# Maximum chuck RPM - how much danger?



## Byrney (Feb 4, 2008)

How seriously should maximum chuck RPM figures be taken? For example, if I spin my Vicmarc VM120 (max quoted speed 2500rpm) at the top speed of my lathe (3200 rpm), is it likely to explode and kill me, or is Vicmarc being very conservative with its specifications? Does anyone know of a chuck failing due to high rpm? What are the actual risks of running a chuck faster than it says on the label?

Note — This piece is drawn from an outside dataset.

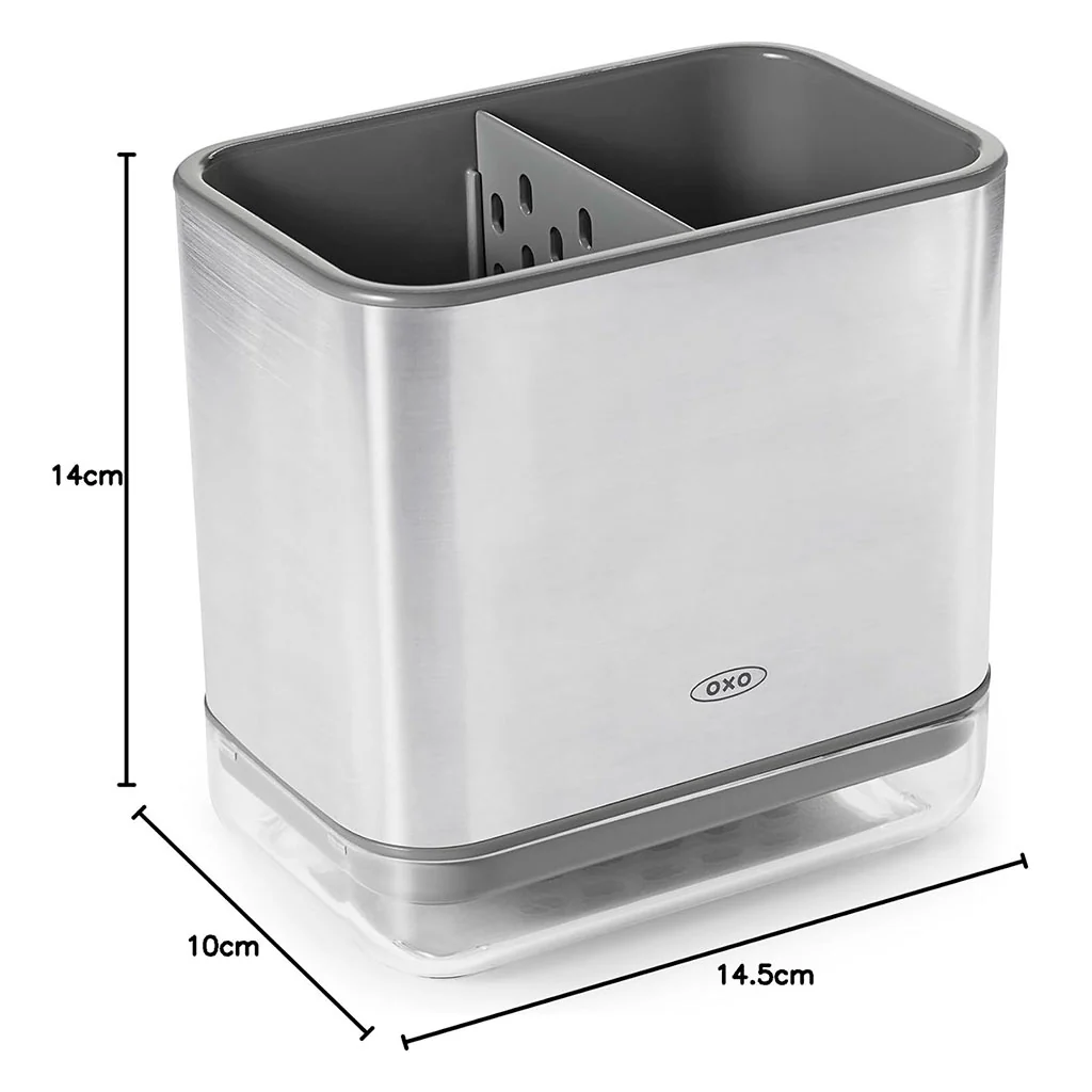 El Soporte para cepillos y estropajos de acero inoxidable OXO se trata de un accesorio práctico y elegante, ideal para mantener siempre organizadas y a mano tus esponjas, estropajos, cepillos de limpieza e incluso cubiertos.

I don't see why a 5" woodturning chuck would have as low a limit as 2500rpm. If you look at specs for 5" engineering chucks, they're generally good to 5000rpm and beyond. Manufacturers obviously intend even their bigger chucks to be used for very small workpieces because they supply the appropriate jaws - so why would they make the chuck unable to withstand the high speeds necessary for turning 1" stock and smaller?


----------



## john lucas (Sep 18, 2007)

Personally I never turn that fast. I have used my vicmarc100 at 3000 to turn some small parts but I usually even turn these at 2000 or less. I think the maximum speed would only be a problem if you were turning objects the size that the 120 would handle. Smaller stuff wouldn't be a problem but I would contact Vicmarc. Their customer service has always been great when I had a question.


----------



## TS3660 (Mar 4, 2008)

Yes, it will blow apart and kill everything within 10 miles except gray squirrels, which can survive anything.


----------



## Barry Ward (Mar 22, 2008)

*max chuck rpm*

I have never heard of a chuck blowing apart,but then thats not to say it hasn't happened.My BIG concern at that spead would be the piece flyin off and klunkin me in my pretty face.

Ken


----------